Hice un gran esfuerzo por contener las lágrimas que pugnaban por brotar. Recordaba mi matrimonio con su padre, y mil pensamientos acorralaban mi memoria. Dirigí la mirada hacia Cris, y vi en él a un hombre de edad avanzada —acababa de cumplir setenta y seis años— pero que luchaba contra el paso del tiempo. Se mantenía erguido y seguía conservando el porte distinguido que siempre le hacía sobresalir, sin él intentarlo. Él notó mi atención y sonrió. Fue un regalo. Abría el camino al entendimiento. Mi alma se serenó al compás de un rayo de sol que entró, potente, por la vidriera de la iglesia.

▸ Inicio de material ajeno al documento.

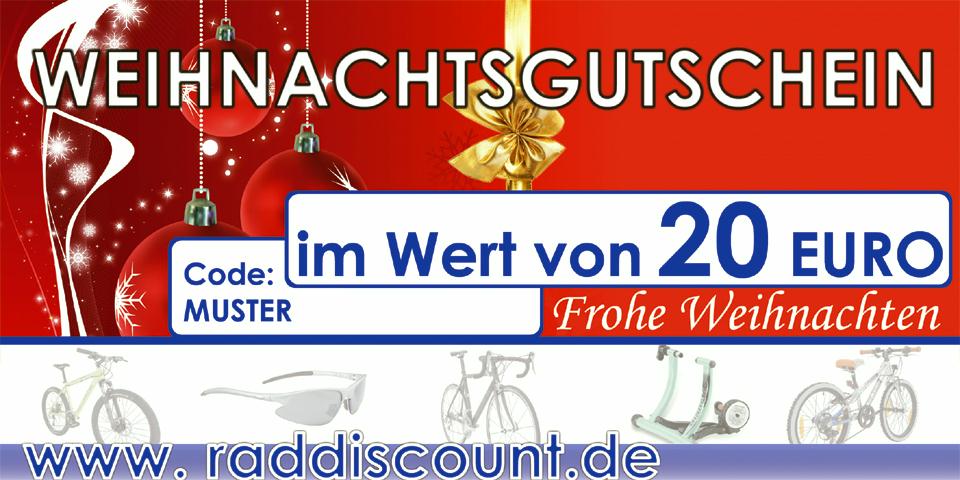 Weihnachts-Gutscheine von Raddiscount sind das perfekte Geschenk zu Weihnachten. Sie erhalten einen individuellen Weihnachts-Gutschein an Ihre Emailadresse im PDF-Format (Acrobat Reader) zugeschickt. Drucken Sie mit Ihrem Drucker den Gutschein in Far

Volví a San Sebastián regenerada.

Todos esos acontecimientos me habían enfrentado a una reflexión sobre mi pasado. Echaba la vista atrás y me preguntaba qué hubiera sucedido si mis decisiones hubieran sido distintas; si hubiera permanecido con Cris; si no hubiera sucumbido a ese amor que inflamaba mi ser… o si hubiera tenido más paciencia y menos orgullo para esperar a Martín.

Cuando comprendí que esas elucubraciones eran estériles, que nada iba a cambiar, y que solo contribuían a aumentar mi desasosiego, tomé una resolución: mirar al futuro, poner calma en mi vida. Había tenido el privilegio de poder cuidar a mi madre en sus últimos años, y de dar a mi hija una relación de amor incondicional, tan rara de hallar, que había sido un regalo también para Marichu.

Decidí dejarme llevar por mi nueva existencia.